People who urge the administration to take this course of action argue that it would significantly reduce the backlog of immigrants waiting in line to enter the country legally. They also argue that, despite the long-standing precedent for counting both principals and dependents toward the green-card cap, legislative language does not actually specify whether or not dependents must be counted against the cap. Interestingly, the immigration bill that passed the Senate last summer would have accomplished legislatively many of the things that advocates are now demanding the president take action on. For instance, the Senate immigration bill specified that dependents would no longer count against the cap for employment-based green cards, and it also would have revised regulations to clear the backlog for family-based immigration.
A related proposal pushed by Compete America, a coalition of corporate interests (including Facebook, Google, Microsoft, the U.S. Chamber of Commerce, and Walmart), and other groups would involve the “recapture” of green cards from past years. Though the federal government has limits for how many green cards it can issue each year, these limits are not met every year due to the arcane intricacies of U.S. immigration law. “Recapturing” green cards would bring back these unused green cards from past years, allowing the government to issue them. This “recapturing” could total more than 200,000 green cards (and, if dependents are not counted against this total, could mean that visas would be issued to a number far greater than the “recaptured” number of green cards).

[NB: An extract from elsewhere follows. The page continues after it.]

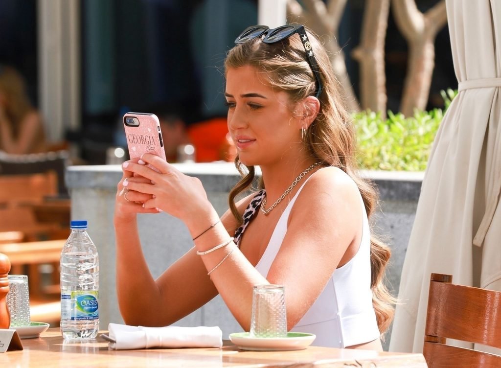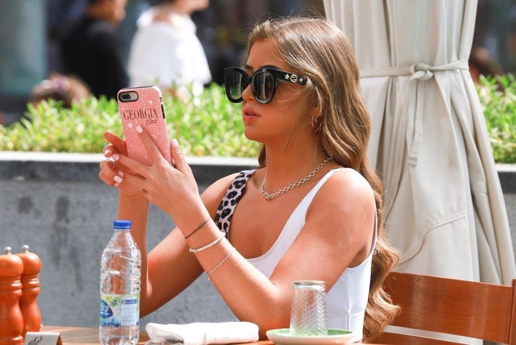 La estrella de la televisión reality Georgia Steel fue vista con un bikini mitad y mitad mientras se refrescaba junto a la piscina en Dubái en el hotel FIVE Palm, 27/04/2019.

Another proposal could substantially increase the number of guest workers in the United States by granting visas to the spouses of H-1B visa-holders. The administration already has proposed granting visas to the spouses of certain H-1B visa-holders, and some estimate that this smaller proposal would cause about 97,000 new guest-worker visas to be issued the first year, with about 30,000 in succeeding years. Here again, the administration would seek to accomplish through executive power what the Senate’s Gang of Eight bill would have accomplished legislatively; expanding guest-worker programs, combined with issuing visas to the spouses of guest workers, was a major component of the Senate immigration bill.